There may be situations I am unaware of, but I don't think the standard setting is to have a metric space $(X,d)$, where you know $X$ is connected under $d$, and that there are at least two distinct points in $X$, but don't already know the space is uncountable (and care!). I think it would be far more likely to know that $X$ is at most countable, and then we would know the space must be disconnected, regardless of the metric we choose to use.
For example, for those that haven't seen Ostrowski's theorem, and have no idea what metrics can be placed on $\mathbb{Q}$, your result immediately shows it is impossible to construct a metric under which $\mathbb{Q}$ is a connected metric space. (That's not to say it's a bad idea to get your hands dirty, try to build a metric d' so that (\mathbb{Q},d') is a connected metric space, and see what goes wrong!)

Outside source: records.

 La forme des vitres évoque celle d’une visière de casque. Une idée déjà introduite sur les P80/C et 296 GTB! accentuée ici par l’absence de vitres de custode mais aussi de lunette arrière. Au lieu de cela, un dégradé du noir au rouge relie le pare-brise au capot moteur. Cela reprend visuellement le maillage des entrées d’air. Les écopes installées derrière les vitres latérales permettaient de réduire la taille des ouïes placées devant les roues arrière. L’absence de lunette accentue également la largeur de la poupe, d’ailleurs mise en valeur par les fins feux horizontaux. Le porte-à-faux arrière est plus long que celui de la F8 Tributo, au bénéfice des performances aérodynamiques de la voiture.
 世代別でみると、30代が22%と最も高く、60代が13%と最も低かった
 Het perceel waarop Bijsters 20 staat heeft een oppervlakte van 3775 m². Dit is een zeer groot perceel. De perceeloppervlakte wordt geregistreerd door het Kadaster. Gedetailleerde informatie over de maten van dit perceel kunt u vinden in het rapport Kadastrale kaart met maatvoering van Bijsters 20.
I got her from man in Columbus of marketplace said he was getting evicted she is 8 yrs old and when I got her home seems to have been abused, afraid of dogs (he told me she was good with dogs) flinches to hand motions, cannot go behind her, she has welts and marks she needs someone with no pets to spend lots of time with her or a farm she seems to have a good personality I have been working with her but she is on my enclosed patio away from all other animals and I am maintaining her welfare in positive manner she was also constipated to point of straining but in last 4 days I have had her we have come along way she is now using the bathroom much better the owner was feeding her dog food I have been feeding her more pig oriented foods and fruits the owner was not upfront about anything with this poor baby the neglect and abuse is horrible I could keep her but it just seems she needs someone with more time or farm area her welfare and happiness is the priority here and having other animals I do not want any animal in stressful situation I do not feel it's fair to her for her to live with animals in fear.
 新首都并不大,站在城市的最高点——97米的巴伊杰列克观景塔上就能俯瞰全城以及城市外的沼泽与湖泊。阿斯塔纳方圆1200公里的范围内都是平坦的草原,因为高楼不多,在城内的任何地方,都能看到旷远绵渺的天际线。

One could then see this as an argument to construct $\mathbb{R}$ from $\mathbb{Q}$, since no matter what metric we use, there are holes.

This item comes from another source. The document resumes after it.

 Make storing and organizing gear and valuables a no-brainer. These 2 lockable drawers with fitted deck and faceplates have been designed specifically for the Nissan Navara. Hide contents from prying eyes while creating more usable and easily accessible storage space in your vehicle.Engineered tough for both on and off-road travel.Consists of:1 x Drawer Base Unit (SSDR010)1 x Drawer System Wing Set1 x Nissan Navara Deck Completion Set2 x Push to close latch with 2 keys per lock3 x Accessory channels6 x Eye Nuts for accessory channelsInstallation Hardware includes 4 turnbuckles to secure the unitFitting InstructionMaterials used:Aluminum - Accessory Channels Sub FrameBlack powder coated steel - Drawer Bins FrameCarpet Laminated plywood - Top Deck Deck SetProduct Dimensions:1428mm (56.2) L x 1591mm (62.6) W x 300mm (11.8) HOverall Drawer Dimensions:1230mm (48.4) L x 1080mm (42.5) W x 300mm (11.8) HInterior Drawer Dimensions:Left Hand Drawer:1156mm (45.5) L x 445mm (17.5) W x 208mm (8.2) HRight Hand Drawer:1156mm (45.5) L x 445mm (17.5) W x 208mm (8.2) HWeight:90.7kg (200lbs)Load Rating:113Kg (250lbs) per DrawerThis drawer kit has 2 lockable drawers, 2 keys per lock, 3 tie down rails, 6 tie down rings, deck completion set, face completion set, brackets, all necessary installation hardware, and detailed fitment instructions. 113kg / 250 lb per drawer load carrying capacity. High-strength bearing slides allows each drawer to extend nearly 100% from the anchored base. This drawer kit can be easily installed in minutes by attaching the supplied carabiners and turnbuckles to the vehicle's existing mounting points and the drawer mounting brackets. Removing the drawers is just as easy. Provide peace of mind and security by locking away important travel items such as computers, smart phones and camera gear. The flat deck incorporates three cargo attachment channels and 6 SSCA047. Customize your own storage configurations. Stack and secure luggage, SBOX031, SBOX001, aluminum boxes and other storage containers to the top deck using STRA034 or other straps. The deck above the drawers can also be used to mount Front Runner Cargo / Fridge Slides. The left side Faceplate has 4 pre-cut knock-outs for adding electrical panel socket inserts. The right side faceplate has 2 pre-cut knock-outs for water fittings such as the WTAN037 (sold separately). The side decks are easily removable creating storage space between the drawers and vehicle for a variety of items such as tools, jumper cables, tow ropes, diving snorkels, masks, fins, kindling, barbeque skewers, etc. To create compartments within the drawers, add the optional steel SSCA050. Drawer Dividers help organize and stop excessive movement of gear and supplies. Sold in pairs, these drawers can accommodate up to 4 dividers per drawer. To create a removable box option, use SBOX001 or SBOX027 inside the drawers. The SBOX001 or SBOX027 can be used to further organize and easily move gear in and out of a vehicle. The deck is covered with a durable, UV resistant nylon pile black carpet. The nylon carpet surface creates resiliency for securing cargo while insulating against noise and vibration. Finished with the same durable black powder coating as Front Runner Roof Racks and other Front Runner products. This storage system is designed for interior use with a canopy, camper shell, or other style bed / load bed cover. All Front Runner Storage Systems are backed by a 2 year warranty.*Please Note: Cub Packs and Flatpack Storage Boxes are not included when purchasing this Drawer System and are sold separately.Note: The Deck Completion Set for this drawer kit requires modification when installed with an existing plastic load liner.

I suppose one could also say, if there is a topology $\tau$ on $\mathbb{Q}$ so that $(\mathbb{Q},\tau)$ is a connected topological space, then we also know that this space is not metrizable. I don't know if this is a particularly useful point of view though..
Of course these are only examples using $\mathbb{Q}$ to illustrate the point, and the same holds for far more odd 'looking' at most countable spaces, where it may be far less intuitive that there are no metrics to make the space a connected metric space.